Кончилось лето. Осенью Ивлева вместе с другими рабочими послали в деревню помогать колхозникам убирать картошку.

Деревня, куда приехали, большая. Помощников понаехало много - рабочие, студенты, служащие... Половина - лоботрясничали, жгли на полях костры, дурачились.

Вечерами в деревне было шумно. Возле клуба выставляли радиолу и до глубокой ночи танцевали. А вечера стояли хорошие - тихие, теплые. С неба срывались звезды и, прожив мгновенную яркую жизнь, умирали.

Ивлев сидел вечерами на крыльце (он жил возле самого клуба, у колхозного бригадира), курил, слушал радиолу, женский смех... И было как-то тяжко на душе. Бродила в крови беспокойная сила, томила.

Один раз, в субботу, засиделся он так до самого утра. Накурился до тошноты, пошел на край деревни, к озеру. Сел на берегу и стал смотреть, как в лучах восходящего солнца занимается ярким огнем ветхая заброшенная церквушка. Оттого ли, что церковка отражалась в синей воде особенно чисто, оттого ли, что горела она в то утро каким-то особенным - горячим рубиновым огнем - и было тихо кругом - отчего-то защемило сердце. Ивлев лег на землю лицом вниз, вцепился в траву и заскрипел зубами. Подумалось вдруг о боге. И каким-то странным образом: что человек, особенно женщина, лучше бога...

На другой день он опять пошел на озеро - смотреть, как горит церквуха на закате солнца. И встретил на улице Марию Родионову. И остолбенел: такой красивой девки ему еще не случалось видеть. Пошел за ней... Мария оглянулась.

- Здравствуй, - сказал Ивлев.

- Здравствуйте, - она остановилась.

Ивлев ласково улыбнулся - его немножко пугала красота женщины. И удивляла.

- Вы что, обознались? - спросила она.

- Нет, - Ивлев не знал, что говорить. Стоял, смотрел на нее.
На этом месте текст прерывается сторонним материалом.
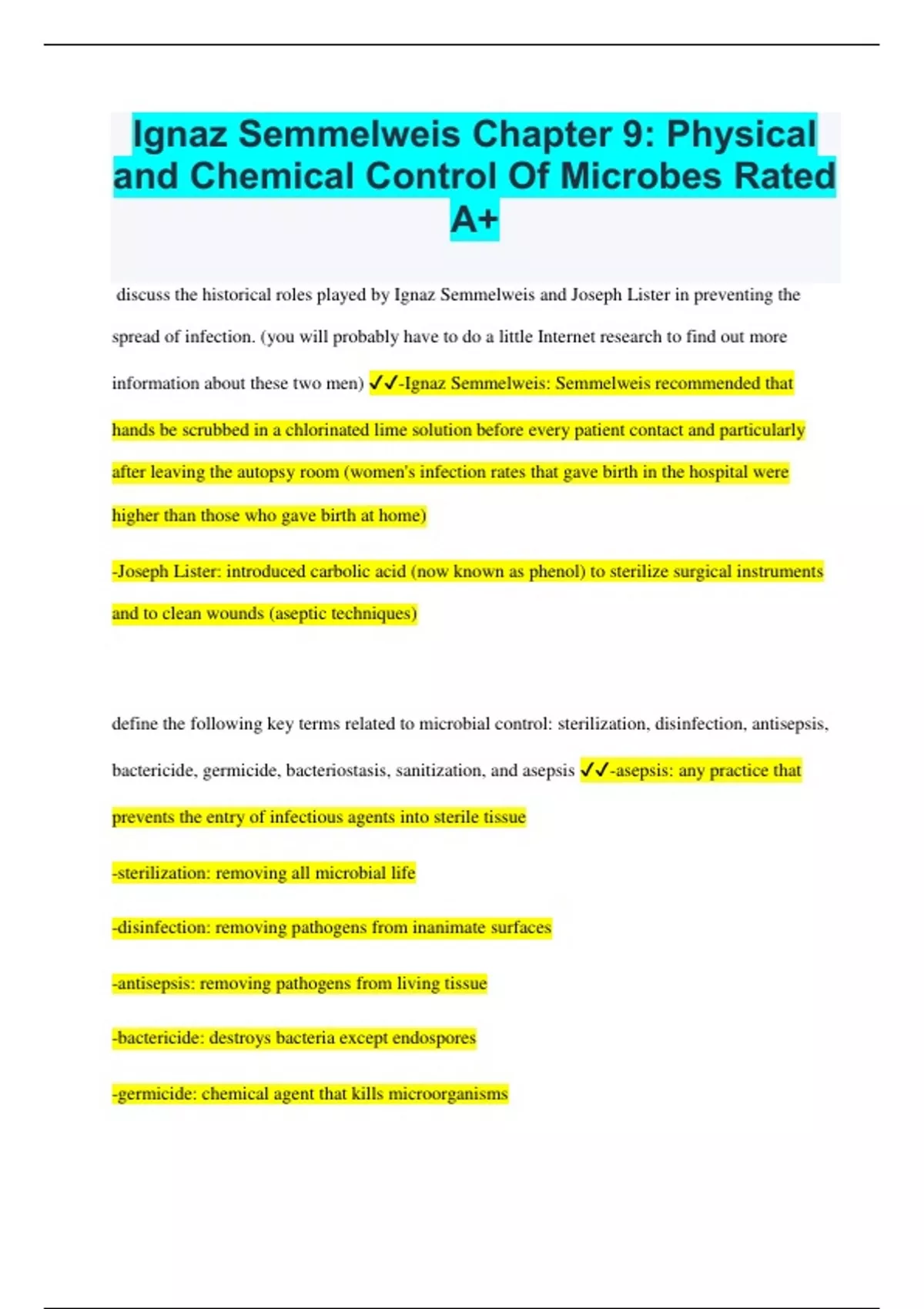 Ignaz Semmelweis Chapter 9: Physical and Chemical Control Of Microbes Rated A+ discuss the historical roles played by Ignaz Semmelweis and Joseph Lister in preventing the spread of infection. (you will probably have to do a little Internet research to find out more information about these two men) -Ignaz Semmelweis: Semmelweis recommended that hands be scrubbed in a chlorinated lime solution before every patient contact and particularly after leaving the autopsy room (women's infection rates that gave birth in the hospital were higher than those who gave birth at home) -Joseph Lister: introduced carbolic acid (now known as phenol) to sterilize surgical instruments and to clean wounds (aseptic techniques) define the following key terms related to microbial control: sterilization, disinfection, antisepsis, bactericide, germicide, bacteriostasis, sanitization, and asepsis -asepsis: any practice that prevents the entry of infectious agents into sterile tissue -sterilization: removing all microbial life -disinfection: removing pathogens from inanimate surfaces -antisepsis: removing pathogens from living tissue -bactericide: destroys bacteria except endospores -germicide: chemical agent that kills microorganisms -bacteriostasis: microbes are temporarily prevented from multiplying -sanitization: cleansing technique that mechanically removes microorganisms indicate the 4 main factors that determine how effective an antimicrobial control method is depends on: 1. number of microbes 2. environment (organic matter, temp, biofilms) 3. time of exposure 4. microbial characteristics (some microbes have certain structural features that enable them to survive certain treatments like thermodurics) illustrate the hierarchy of microorganisms from those easiest to destroy to those most difficult to destroy (see figures in powerpoint) easiest to hardest: 1. enveloped viruses 2. gram positive 3. non enveloped viruses 4. fungi/ fungal spores 5. most gram- negative bacteria 6. protozoan trophozoites 7. protozoan cysts 8. mycobacterium 9. bacterial endospores 10. prions compare and contrast "cidal" and "static" microbial control processes -"cide": kill or destroy -"static": stop or stand still describe the effects of microbial control

У Марии насмешливо дрогнули губы; она повернулась и пошла прочь.

"Вот это да!", - подумал Ивлев.

В тот же вечер он увидел Марию еще раз - возле клуба.

Она стояла в кругу девушек-студенток. Рядом толпились парни.

Ивлев пошел прямо к ней.

- Отойдем в сторонку, - сказал он.

Мария не удивилась, улыбнулась ему как знакомому.

- Зачем?

- Мне надо сказать пару слов... - у Ивлева от волнения перехватило горло - последние слова он пискнул: "Пару слов".

Мария открыто, громко засмеялась. Засмеялись и все стоявшие поблизости. У Ивлева от стыда и злости свело затылок. Он тоже через силу улыбнулся и, сам не понимая, что делает, вернее, понимая, что делает глупо, взял девушку за руку и хотел силой отвести.

Мария вывернула руку... И тут - как из-под земли вырос - появился чернявый парень, броско красивый тонкой южной красотой - не то армянин, не то азербайджанец.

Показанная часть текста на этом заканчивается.